Alternatively, it can be defined as:

{
  "$type": "file",
  "url": "URL to download the file",
  "sasToken": "OPTIONAL: SAS token for authentication if the provided URL is for a file in blob storage"
}

The file reference object can be generated in one of following ways:

  • Setting the allowSkillsetToReadFileData parameter on your indexer definition to true. This setting creates a /document/file_data path that's an object representing the original file data downloaded from your blob data source. This parameter only applies to files in Azure Blob Storage.
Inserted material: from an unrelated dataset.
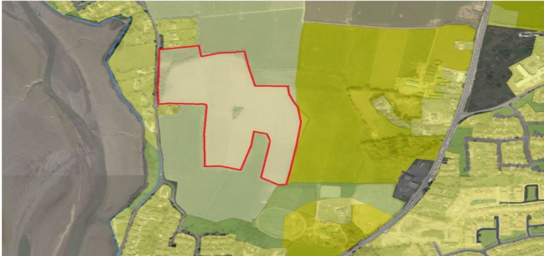
Lands at Monang, Dungarvan, Co. Waterford which are the subject of High Court Order made on the 10 th July 2024 (Ref: 2022 651 JR) all of which are now zoned for "New Residential Development" (GZT R1)

DGDO22: To secure the sustainable and sequential longer term development of lands at Monang, located between the Old Hospital Road and the N25, development of Tier 2 residential lands shall be informed by and consistent with a masterplan, the scope and detail of which shall be agreed in writing with the planning authority prior to the masterplan being prepared.

  • Having a custom skill returning a JSON object definition that provides $type, data, or url and sastoken. The $type parameter must be set to file, and data must be the base 64-encoded byte array of the file content. The url parameter must be a valid URL with access to download the file at that location.

Skill outputs

Output name Description
text_sections A collection of text chunk objects. Each chunk can span multiple pages (factoring in any more chunking configured). The text chunk object includes locationMetadata if applicable, and an imagePath list when the chunk overlaps with figure spans in the document.
normalized_images Only applies if extractionOptions includes images. A collection of images that were extracted from the document, including locationMetadata if applicable.

Each element in text_sections has the following fields:

Field Type Description
id String Unique identifier for the chunk.
content String Markdown content for the chunk. When method is semantic, the content includes AI-generated descriptions of figures and tables inlined as Markdown.
locationMetadata Object Page range and positional data (pageNumberFrom, pageNumberTo, ordinalPosition, source). Present when extractionOptions includes locationMetadata.
imagePath String Semicolon-separated list of paths to images that are contained in the chunk. Present when the chunk overlaps with figure spans in the document.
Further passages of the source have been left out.